[106r]

 Ockham Park

 Ripley

 Surrey

  4^thJuly

 Dear M^r De Morgan.  You are perhaps surprised
that I have not sooner troubled you again.
And you may think it a very bad reason to
give, that I have done nothing.  We returned
here on Tuesday, & now I am working away
famously, & hope I have before me 7 or 8 months
of ditto.  You left me at page 106.  I remember
your enquiry if I were sure that I understood
\( \int_b^{b+k}fx\times\frac{dx}{dt}\) as developped [\textit{sic}] in pages 102, 103.  I
answered confidently, that I did.  I now enclose
you my own development of this Integration, that
we may be quite certain of my comprehension of
[something crossed out]} it.  On the other page of my
sheet, is the application of it to \(\int udv=uv-\int vdu\) 
(page 105); & to \(\int_a^x\frac{1}{v}\frac{dv}{dx}dx\) (page 107).

I have now two questions to propose.
I differ from you in my development of \(\int\frac{1}{1-x}dx\) 

 (see page 107)
[106v] I cannot see why the Constant \(C\) is omitted
in this more than in \(\int\frac{1}{1+x}dx\) .
I subjoin my development: Let \(v=1-x\) 
\( \int\frac{1}{1-x}dx=\int\frac{1}{1-x}\times-(-1)dx\) (which is only
another way of writing \(\int\frac{1}{1-x}.1.dx)\) 
And as \(\frac{dv}{dx}\) or \(\frac{d(1-x)}{dx}=-1\), we may in the
above substitute \(\int\frac{1}{1-x}dx=\int\frac{1}{1-x}\times-\left(\frac{d(1-x)}{dx}\right)dx\) 

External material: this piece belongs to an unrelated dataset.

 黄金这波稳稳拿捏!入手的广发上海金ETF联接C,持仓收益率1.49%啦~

 Or \(\int\frac{1}{v}dx=\int\frac{1}{v}\times-\frac{dv}{dx}dx\) 

     \(=\int\frac{1}{v}\frac{dv}{dx}.(-1)dx\) which by
\( \int budx=b\int udx\) (see page 105) is \(=(-1)\int\frac{1}{v}\frac{dv}{dx}dx\) 

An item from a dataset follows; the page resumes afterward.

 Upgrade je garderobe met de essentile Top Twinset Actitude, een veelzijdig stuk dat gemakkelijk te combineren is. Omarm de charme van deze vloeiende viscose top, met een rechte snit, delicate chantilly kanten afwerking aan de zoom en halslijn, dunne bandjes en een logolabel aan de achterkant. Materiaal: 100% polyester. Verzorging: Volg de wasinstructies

 or \(=-\int\frac{1}{v}\frac{dv}{dx}dx\) 
Now since by line 4, \(\int\frac{1}{v}\frac{dv}{dx}dx=\int\frac{1}{v}dv=\) 

 \(=\log v+C\), it follows that
(--- this same expression) must \(=-(\log v+C)\) 

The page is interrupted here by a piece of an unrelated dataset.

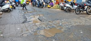 खड्ड्यांचा अंदाज वाहनचालकांना लागत नसल्याने जीव मुठीत धरून वाहने चालवावी लागत आहेत. परिणामी वाहतूक कोंडीला कारण ठरत आहे. रस्त्यावर साचलेल्या पाण्याशेजारीच रस्त्यावरील व्यापाऱ्यांना व्यवहार करावा लागत आहे. तर खड्ड्यातील पाणी वाहनांच्या रहदारीमुळे पादचाऱ्यांच्या अंगावर उडत असल्यामुळे वादाला कारण ठरत आहे. रस्त्याच्या विकासाकडे दुर्लक्ष करण्यात आल्याने नागरिकांतून तीव्र संताप व्यक्त करण्यात येत आहे. स्मार्ट सिटी योजनेंतर्गत शहराचा विकास करण्यात येत असल्याचे सांगण्यात येत असले तरी अंतर्गत रस्त्यांच्या विकासाकडे दुर्लक्ष करण्यात आल्याने शहरवासियांना खड्डेमय रस्त्यातून प्रवास करावा लागत आहे. याकडे मनपा लक्ष देणार का?असा प्रश्न नागरिकांतून उपस्थित केला जात आहे.

 \(=-(\log (1-x)+C)=-\log (1-x)-C\) 

  \(=\log\frac{1}{1-x}-C\) 
[107r] Now how do you get rid of \((-C)\) ?

My second question is unconnected with any
of your books. But I think I may venture to
trouble you with it. In the two equations,

 \(V=gT\)   (1)

 \(S=\frac{1}{2}g.T^2\)   (2)
which you will at once recognise, I want to
know how (2) is derived from (1).
Will you refer to Mechanics (in the Useful
Knowledge Library), page 10, Note, which is
as follows, ''Let \(S\) be the space described by the
''falling body.  \(V=\frac{dS}{dT}=gT\) .  Hence \(dS=gT\,dT\),
''which being integrated gives \(S=\frac{1}{2}g.T^2\) .''
Now can I ['as yet' inserted] understand this application of
Differentiation & Integration?
I conclude that \(\frac{dS}{dT}\) here means

Diff. co of \(S\) with respect to \(T\), \(S\) being (by
Definition & Hypothesis) a function of \(T\), & of \(V\) 
I know that \(V=gT\) 

And that \(V=\frac{S}{T}\)  But I neither see how
\( V=\frac{dS}{dT}\), nor how the subsequent Integration applies.
[107v] The object, I need not say, is the solution of
\( S\) .
I mean to work very hard at my Chapter on
Integration &c, now. And I hope this
summer & autumn will see me progressing
at no small rate.
How is the Baby? And does M^r De
Morgan enjoy Highgate?  I ['am' inserted] enjoying the country
not a little, I assure you.

 Yours most truly

 A. A. Lovelace